* _Required action_
Your copy of the lines below must match them exactly and contain no images.

Segment Start: Exercise data

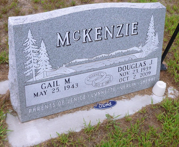 Parents Father: McKENZIE, Wayne Andrew Mother: BURNS, Mary Myra Birth Born on November 23, 1939 in Balsam Lake, Polk Co., WI Death Died on October 02, 2009 in Polk Co., WI Buried in Wolf Creek Cemetery in Wolf Creek, Polk Co., WI Marriages , Gail M. Children McKENZIE, Jenice McKENZIE, Lynnette McKENZIE, Verlin McKENZIE, Sherri Images Douglas & Gail McKenzie
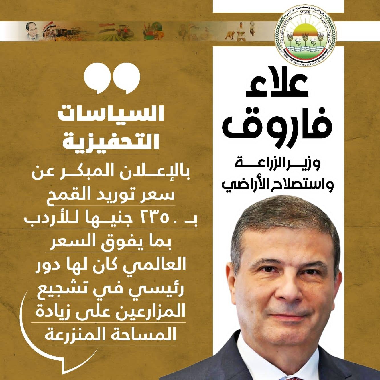 وزير الزراعة: زيادة المساحات المنزرعة بالقمح 600 ألف فدان ورفع سعر الأردب إلى 2350 جنيها
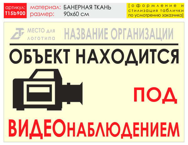 Баннер «Видеонаблюдение», T15 (баннерная ткань, 90х60 см) в Волгограде купить
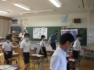 ALTの先生を道案内しています。

Segment End: Exercise data

* _Solved problem_
 Parents Father: McKENZIE, Wayne Andrew Mother: BURNS, Mary Myra Birth Born on November 23, 1939 in Balsam Lake, Polk Co., WI Death Died on October 02, 2009 in Polk Co., WI Buried in Wolf Creek Cemetery in Wolf Creek, Polk Co., WI Marriages , Gail M. Children McKENZIE, Jenice McKENZIE, Lynnette McKENZIE, Verlin McKENZIE, Sherri Images Douglas & Gail McKenzie
 وزير الزراعة: زيادة المساحات المنزرعة بالقمح 600 ألف فدان ورفع سعر الأردب إلى 2350 جنيها
 Баннер «Видеонаблюдение», T15 (баннерная ткань, 90х60 см) в Волгограде купить
 ALTの先生を道案内しています。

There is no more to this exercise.